Exclude the pictures and retype the entries as written.

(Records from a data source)

[Start of section]

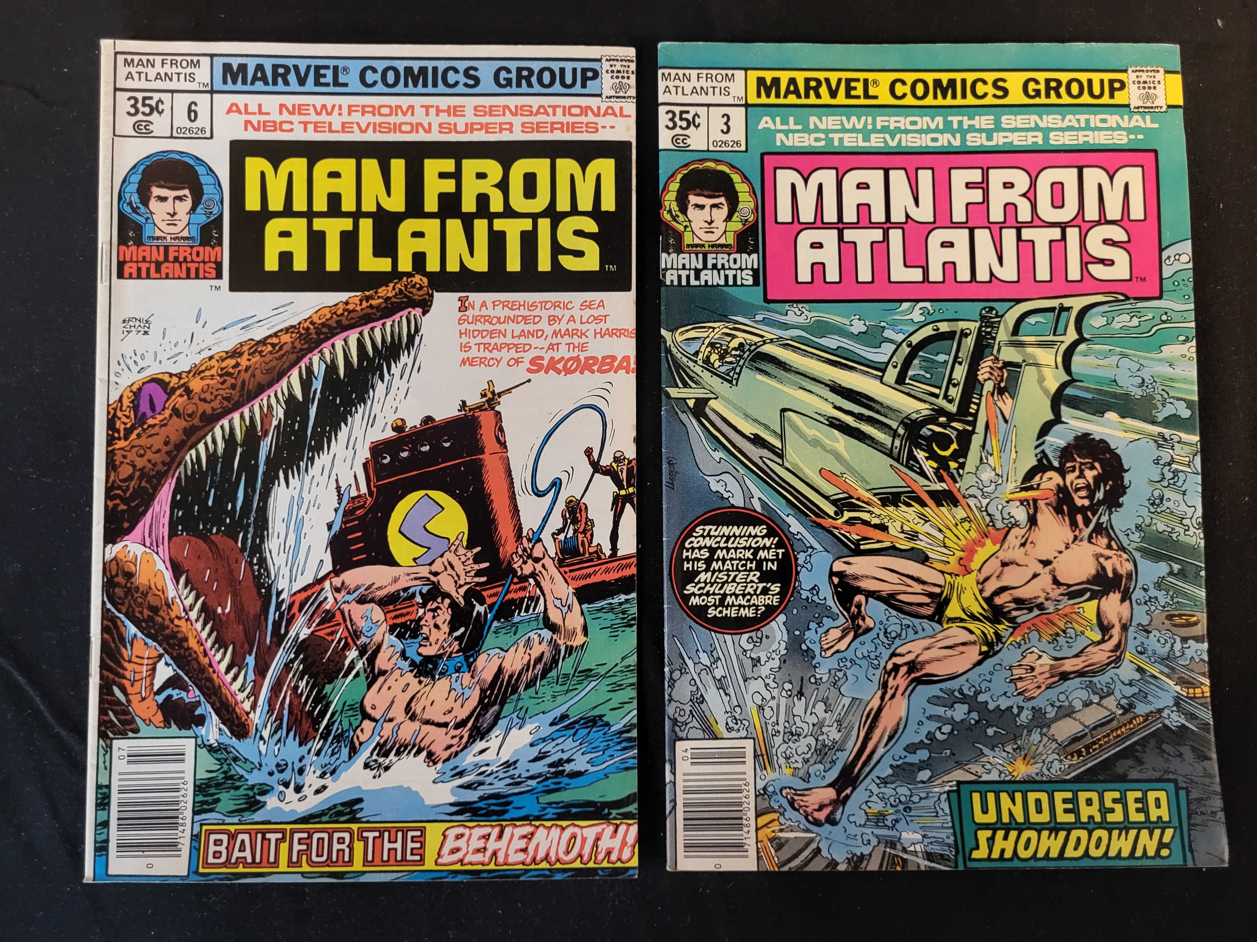 BID PER WHAT YOU SEE IN THE PHOTO, NOT THE AI GENERATED TITLES AND DESCRIPTIONS! A pair of vintage comic books published by Marvel Comics Group, based on the 1970s NBC television series Man From Atlantis. The lot includes issue number 3, dated April 1978, titled Undersea Showdown!, and issue number 6, dated July 1978, titled Bait for the Behemoth!. Both issues feature a 35-cent original cover price. The cover art for issue 3 depicts an underwater scene with a submersible vehicle, while issue 6 illustrates a confrontation with a prehistoric sea creature. Each comic displays the Marvel Comics Group banner, the series title, and the Comics Code Authority seal. The books are constructed from standard newsprint comic stock with illustrated covers.
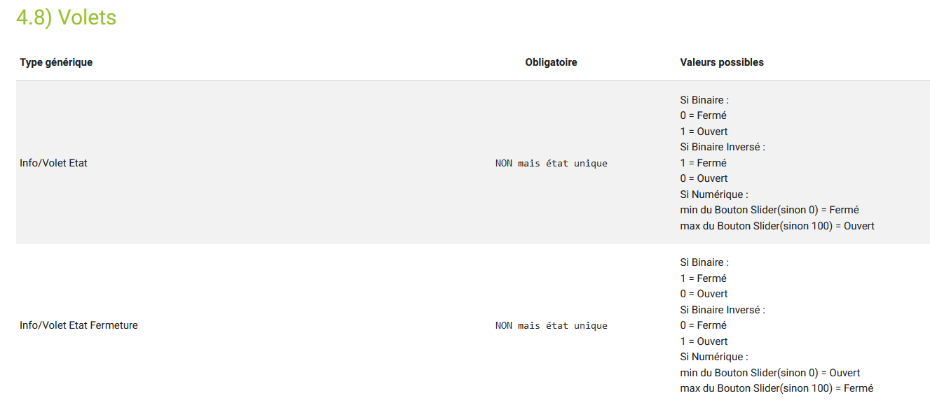 Oui le type générique volet à la base fonctionne sur le principe d’ouverture, donc 0% ouvert ben c’est fermé et 100% c’est ouvert.
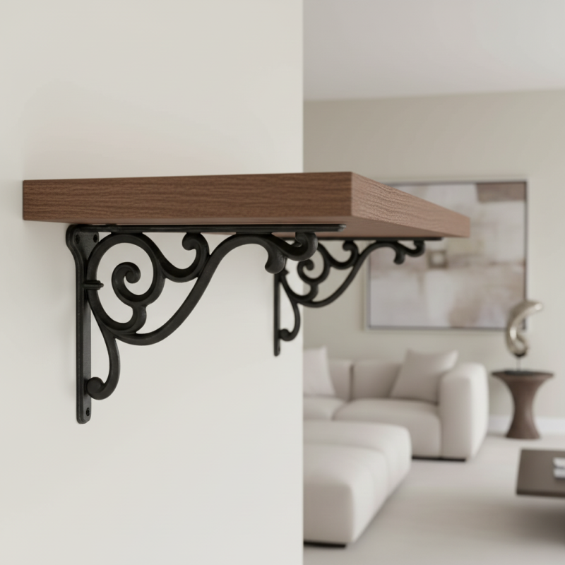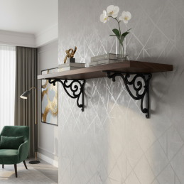 Masszív és dekoratív vintage stílusú polctartó, amely nemességet és rusztikus eleganciát visz a belső térbe. Gazdagon formált ornamentikája és robusztus kivitele nemcsak praktikus, hanem rendkívül esztétikus elemmé is teszi, amely ideális konyhákba, nappalikba, folyosókra vagy vidéki házakba.
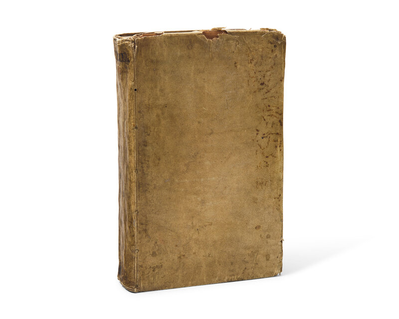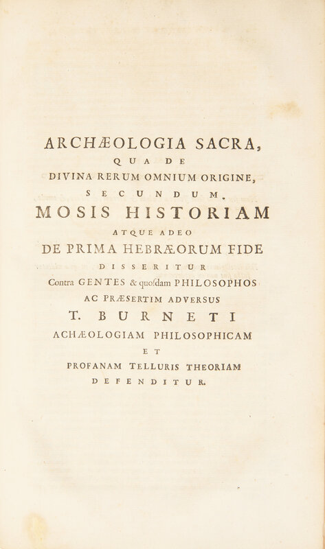 Amsterdam: Isaacum Stokmans, 1704. Two volumes in one. First edition. 4to. 702, 96 pp. Title-page printed in red and in black with engraved vignette. Text in Latin and in Hebrew. Full contemporary vellum, spine with manuscript title, boards soiled with loss to extremities, lower fore-edge of rear board perished; front gutter starting; paper loss at bottom fore-edge of title-page; ink stamp at bottom of title-page; scattered foxing to text.
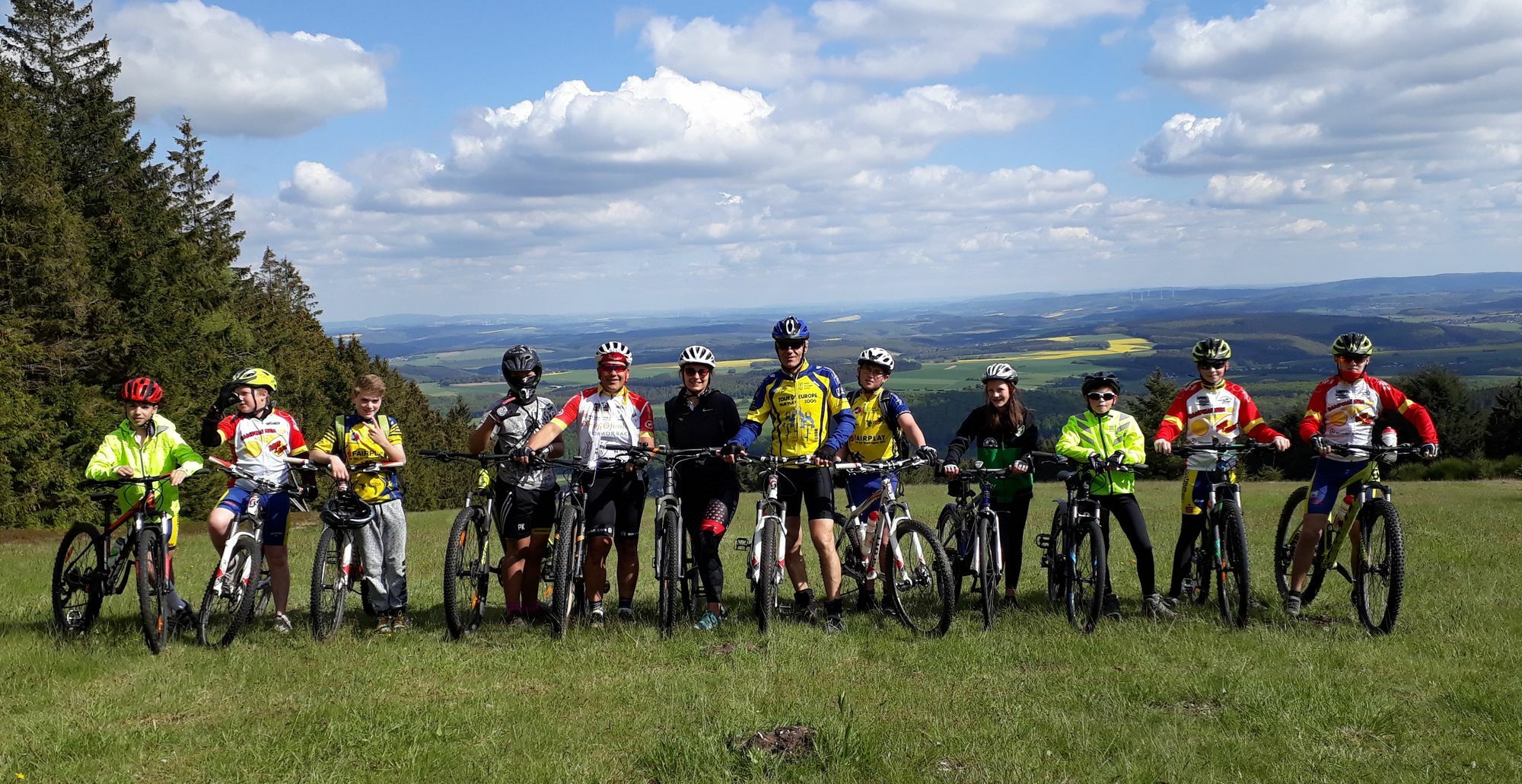 Alle zeigen an diesem Tag, dass die vielen Trainingskilometer ihre Wirkung entfalten, und erreichen ohne Murren den Idarkopf, wo sie den herrlichen Ausblick genießen. Bei der Rückfahrt werden die Fahrer für ihre Anstrengungen von der Familie Neuls in Kleinich belohnt: Hier wartet eine fürstlich gedeckte Kuchentafel auf sie, an der sich alle nach Herzenslust bedienen können. Zum Abschluss folgt dann ein schwieriger Trail von Fronhofen ins Kautenbachtal, den alle sturzfrei hinter sich bringen.

[End of section]

### Your response
 BID PER WHAT YOU SEE IN THE PHOTO, NOT THE AI GENERATED TITLES AND DESCRIPTIONS! A pair of vintage comic books published by Marvel Comics Group, based on the 1970s NBC television series Man From Atlantis. The lot includes issue number 3, dated April 1978, titled Undersea Showdown!, and issue number 6, dated July 1978, titled Bait for the Behemoth!. Both issues feature a 35-cent original cover price. The cover art for issue 3 depicts an underwater scene with a submersible vehicle, while issue 6 illustrates a confrontation with a prehistoric sea creature. Each comic displays the Marvel Comics Group banner, the series title, and the Comics Code Authority seal. The books are constructed from standard newsprint comic stock with illustrated covers.
 Oui le type générique volet à la base fonctionne sur le principe d’ouverture, donc 0% ouvert ben c’est fermé et 100% c’est ouvert.
 Masszív és dekoratív vintage stílusú polctartó, amely nemességet és rusztikus eleganciát visz a belső térbe. Gazdagon formált ornamentikája és robusztus kivitele nemcsak praktikus, hanem rendkívül esztétikus elemmé is teszi, amely ideális konyhákba, nappalikba, folyosókra vagy vidéki házakba.
 Amsterdam: Isaacum Stokmans, 1704. Two volumes in one. First edition. 4to. 702, 96 pp. Title-page printed in red and in black with engraved vignette. Text in Latin and in Hebrew. Full contemporary vellum, spine with manuscript title, boards soiled with loss to extremities, lower fore-edge of rear board perished; front gutter starting; paper loss at bottom fore-edge of title-page; ink stamp at bottom of title-page; scattered foxing to text.
 Alle zeigen an diesem Tag, dass die vielen Trainingskilometer ihre Wirkung entfalten, und erreichen ohne Murren den Idarkopf, wo sie den herrlichen Ausblick genießen. Bei der Rückfahrt werden die Fahrer für ihre Anstrengungen von der Familie Neuls in Kleinich belohnt: Hier wartet eine fürstlich gedeckte Kuchentafel auf sie, an der sich alle nach Herzenslust bedienen können. Zum Abschluss folgt dann ein schwieriger Trail von Fronhofen ins Kautenbachtal, den alle sturzfrei hinter sich bringen.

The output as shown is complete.